Research Notable

AI Coding Tools: 65% More Usage, Only 10% More Merged Code

March 14, 2026 2 min read

What if AI coding tools are getting dramatically better at tests and barely better at work?

A 15-month longitudinal study tracking 400 companies from November 2024 through February 2026 found that AI tool usage among developers increased 65%. Pull request throughput, the actual code that makes it into production, increased just 10%.

That's a massive gap. And it lines up with a growing body of evidence that AI coding benchmarks are measuring something real but not something that translates cleanly to productivity.

The Benchmark Problem

SWE-bench has become the standard leaderboard for AI coding agents. It measures whether AI-generated code passes automated tests. Scores have climbed steadily. Every major model release trumpets a new SWE-bench high.

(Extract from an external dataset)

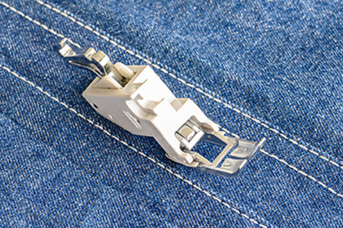 Beskrivelse Den smale trykkfotholderen har synkronisert kraft til transport av stoffet og er spesielt effektiv til søm på kanten av stoffet, og søm nære og på smale strimler. Inkl. den smale trykkfotholderen. |

But passing tests and shipping code are different activities. Research from METR (Model Evaluation and Threat Research) found that when actual project maintainers reviewed AI-generated pull requests that had already passed automated tests, roughly 50% were rejected. Not because the code was broken. Because it had wrong code style, inappropriate scope, poor architectural fit, or ignored project conventions.

The code worked. It just wasn't code anyone wanted to merge.

Typing Was Never the Hard Part

This cuts at a fundamental misunderstanding about what makes software engineering difficult. Writing syntactically correct code that passes a test is a solved problem for modern AI. Understanding why you'd structure something one way instead of another, anticipating how a codebase will need to evolve, respecting the unwritten norms of a team - that's the actual job.

AI models pattern-match against training data. They can produce code that looks right and runs right. They struggle with the contextual judgment calls that experienced developers make automatically: "This works, but it'll create a maintenance nightmare in six months" or "This approach conflicts with the migration we're planning."

Amazon employees have reported internally that AI coding tools haven't freed them up. Instead, the tools created new work: reviewing, verifying, and correcting AI-generated output. The time saved writing code gets partially eaten by the time spent babysitting it.

What the Numbers Actually Mean

None of this means AI coding tools are useless. A 10% increase in merged code across 400 companies is real output. For individual developers on well-scoped tasks like writing boilerplate, generating tests, or exploring unfamiliar APIs, the productivity gains can be substantial.

But the industry narrative of "10x developer productivity" isn't showing up in the data. Not at the team level. Not at the company level. Not after 15 months of rapidly increasing adoption.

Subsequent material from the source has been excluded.